Azaranica is a non-biased news aggregator on Hazaras. The main aim is to promote understanding and respect for cultural identities by highlighting the realities they face on daily basis...Hazaras have been the victim of active persecution and discrimination and one of the reasons among many has been the lack of information, awareness, and disinformation.

Wednesday, October 24, 2012

Insight: Pakistani death squads spur desperate voyage to Australia

By Matthew Bigg, Matthew Green and James Grubel

QUETTA, Pakistan/PUNCAK,Indonesia | Wed Oct 24, 2012 6:29pm EDT

(Reuters) - It was 3 a.m. when Abid Warasi and his friend clambered into an Indonesian fishing boat, joining 300 other migrants packed into the hold. Only a few days away by sea, Australia seemed tantalizingly close.

Six hours into the voyage, the craft overturned. The two teenagers clung to the upturned hull. One by one, survivors lost purchase and drifted away, their dreams swallowed by the warm waters of the Java Sea.

"When the boat capsized, the dead bodies came floating above the water," Warasi said, recounting his ordeal in the Indonesian hill town of Puncak, just south of Jakarta. "Our hearts were so sad for them and we were waiting for our own time when we would die."

The heroism that would ensure the pair survived 48 hours in the water is not merely testament to the bond of friendship that has united Warasi and Muhammad Muntaziri since their childhoods in the Pakistani city of Quetta.

Their determination is also a reflection of the ferocity of the persecution unleashed upon their ethnic Hazara community, who are almost all members of Pakistan's Shi'ite minority.

In the past year, Lashkar-e-Jhangvi, a Sunni extremist group, has turned Quetta into a hunting ground. Gunmen shoot Hazaras every few days while leaflets shoved under doorways warn they are infidels deserving of death.

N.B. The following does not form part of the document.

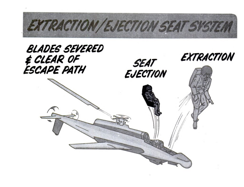 The system involved placing roughly 18 feet of continuous, aluminum-sheathed linear charge around the inside of the helicopter to sever the escape module from the rest of the fuselage. Two modified catapult rocket launchers, mounted aft on the port and starboard sides, were also used to ensure the escape module’s separation from the rest of the aircraft.

Thousands choose to face the ocean's terrors rather than risk an encounter with the death squads stalking their city's streets.

"Mothers are selling their jewelry so that their sons can leave Quetta for abroad," said Khaliq Hazara, chairman of the Hazara Democratic Party, a Quetta-based political party. "We are under siege."


The 10,000-km (6,000 miles) route from Quetta to established Hazara communities in the more genteel environs of Adelaide, Melbourne or Sydney is just one strand in an ever-shifting web of global migration.

But there are few starker examples of the impact troubles in faraway lands can have on domestic politics than Australia, where a growing influx of refugee boats has reignited a polarizing debate over immigration.

The government passed a law in August to revive a scheme to send asylum seekers rescued at sea to detention centers on far-flung Pacific islands.

Human rights groups condemned the move, saying people could be left languishing in malarial camps for years, isolated from relatives and unable to work.

Warasi and Muntaziri's sheer desperation raises questions over how far the measures will discourage men and women whose quest for a new life has echoes of the voyages of European settlers to Australia in the late 18th century.

"Every day there were killings," said Warasi, recalling life in Quetta. "We got chicken-hearted, like we were in a cage."


Overshadowed by the forbidding hills that define the wild geography of the Pakistani province of Baluchistan, Quetta was once a town where ethnic groups and sects mingled freely. Today, LeJ is offering Hazaras a choice: leave or die.

In the neatly swept lanes of the Hazara enclave of Mehrabad, the fear is palpable. LeJ has turned swathes of Quetta into virtual no-go zones for Hazaras, who number perhaps 500,000 of the city's population of about two million.

As members of both an ethnic minority and Shi'ites, Hazaras make particularly attractive targets for extremists.

"If you went out in the morning you cannot be sure that you'd come back home," said Muhammad Mehdi, who closed his children's' clothing shop in an ethnically mixed market after gunmen went on a shooting spree in April. Like many Hazaras, he is now reluctant to set foot outside Mehrabad.

In the cheerfully decorated classrooms of the district's Ummat Public School, ambitious teenage girls fear their terrified parents will not allow them to venture into the city to attend college.

"We can be like Mark Zuckerberg, we can be like Bill Gates," said Farheen, 15. "We can show the world that we are talented."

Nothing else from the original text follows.